* **What you should do**
Transcribe all of the data verbatim, please, and leave out its pictures.

* **Data segment**

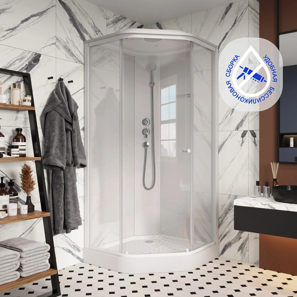 Удобство уборки. Створки кабины закрываются плотно, вода не попадает на пол и другие поверхности, находящиеся в непосредственной близости. Все части, необходимые для проведения влажной уборки, доступны.
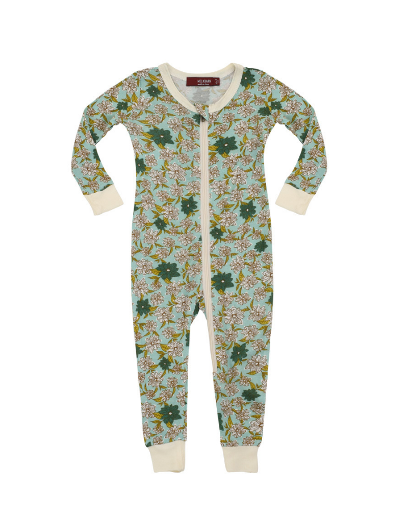 Blue Floral Zipper Pajamas - Sugarcup one piece zipper pajamas
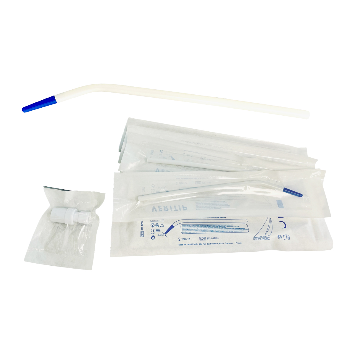 Canula chirurgica sterile in plastica con adattatore • Puntale diametro 2,5 mm • Adattatore doppio per il collegamento a tubi di aspirazione ø 11 mm e ø 16 mm • Confezionate singolarmente Confezione: 20 pz con adattatore
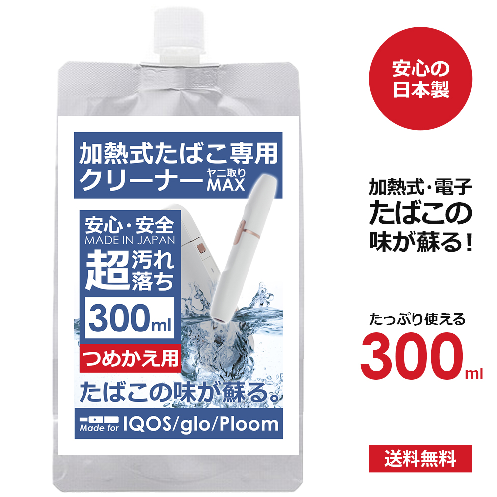 アイコス クリーナー 掃除 綿棒無し スティックなし 加熱式タバコ 電子タバコ 汚れ落とし ヤニ取りMAX 300ml 大容量 詰め替え用 日本製

* **Result**
 Удобство уборки. Створки кабины закрываются плотно, вода не попадает на пол и другие поверхности, находящиеся в непосредственной близости. Все части, необходимые для проведения влажной уборки, доступны.
 Blue Floral Zipper Pajamas - Sugarcup one piece zipper pajamas
 Canula chirurgica sterile in plastica con adattatore • Puntale diametro 2,5 mm • Adattatore doppio per il collegamento a tubi di aspirazione ø 11 mm e ø 16 mm • Confezionate singolarmente Confezione: 20 pz con adattatore
 アイコス クリーナー 掃除 綿棒無し スティックなし 加熱式タバコ 電子タバコ 汚れ落とし ヤニ取りMAX 300ml 大容量 詰め替え用 日本製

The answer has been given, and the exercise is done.